Our decision to have a baby came about three years after we were married. Initially, we planned to do a whole list of things (including buying a house) and then start trying. But on the night of January 5, 2002 while driving home from the hospital after visiting our friends’ newborn baby, I told him, “That’s it. I want to start trying.” Exactly one year and four days later on January 9, 2003 we were blessed with twins: a boy and a girl.
As much as we hate to admit it, we really do turn into our parents. Their successes and failures become our instincts as we stumble through the uncharted territory of raising children. Without even thinking about it we fall into those same parenting patterns–which can be good–but it also means that we need help breaking away from those behaviors if they happen to be unhealthy.
Because we rely so much on our own upbringing to define our ideas of parenting, it stands to reason that there would be some conflicts when two parents come from two cultures as different as Pakistan and the U.S. This starts from birth, but becomes far more pronounced as they grow and we start talking to them about ideas like spirituality, sexuality, and social norms. My kids are nine-years-old now and while some things have become easier (they can do their own laundry now), the lessons they are beginning to learn now make the stakes feel much higher.
My husband made the choice to emigrate to the U.S. and he sees a lot of value in our society, so he is not interested in keeping them in a cultural bubble, associating only with other Pakistani and/or Muslim children. But at the same time, he has very specific ideas about how they should behave, what their education should look like, table manners, attitude, and appearance. And so do I. Sometimes, though, our strong opinions clash, and that’s when compromise comes in.

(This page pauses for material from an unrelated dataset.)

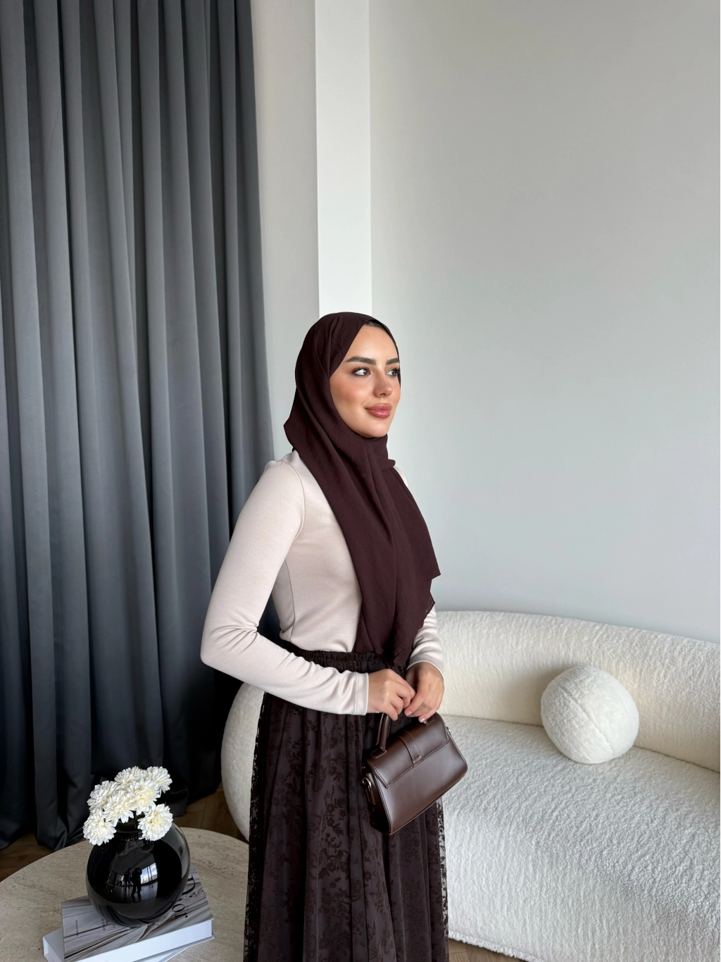 Hen - Luzy Şifon Elbise - Kahve

I think every parent has ‘deal-breakers’, or things they absolutely will not tolerate when it comes to their children. Everything else, however, should be up for compromise, especially if it’s important to your spouse. Over time, my husband and I have had to find a middle ground and find a way to let one another have the final say in discipline, rewards, or teaching things we each find important.

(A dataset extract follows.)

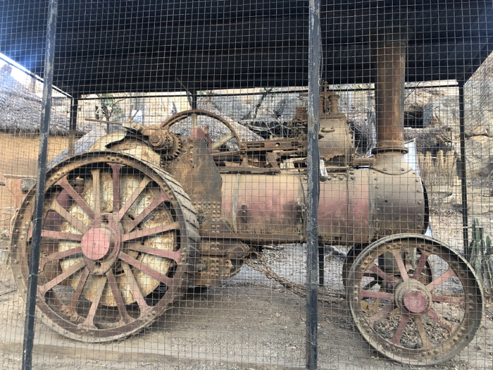 An old, rusty steam tractor sits behind a wire fence. The tractor has large, spoked wheels, a cylindrical boiler, and a tall smokestack. The paint is faded and peeling, revealing rust. Behind the tractor, the background includes rocks and sparse vegetation. The fence casts shadows, obscuring the details of the tractor. The scene evokes a sense of historical preservation and industrial decay.

It’s been a challenge but not a hard one. Regardless of our occasional differences of opinions on parenting, we are both united in the idea that we really want the best for our children. Rather than pulling us apart, our children have made us to come together and find ways to work together for their benefit. We relish our shared gift of parenthood, which is both humbling and empowering.
But sometimes I worry that my husband and his family will be disappointed because our children aren’t “Pakistani” enough. And then, I worry that they will cling to their Pakistani identity and discount the value of their American heritage. I worry that my children will grow up and not fit in to either Pakistani culture or American culture, leaving them conflicted. I worry that they will be ignored, laughed at, overlooked, or undervalued because they are the product of a mixed-race marriage.
Then. I stop and watch them for a few minutes. And they are so much more amazing than I will ever be: a perfect blend of two cultures, two people, two families: confident, proud, and intelligent. Their sweet eyes are honest, full of life, and they give me hope that differences in people and cultures don’t have to produce conflict. They can produce something very, very beautiful instead.
And suddenly, I’m not worried anymore.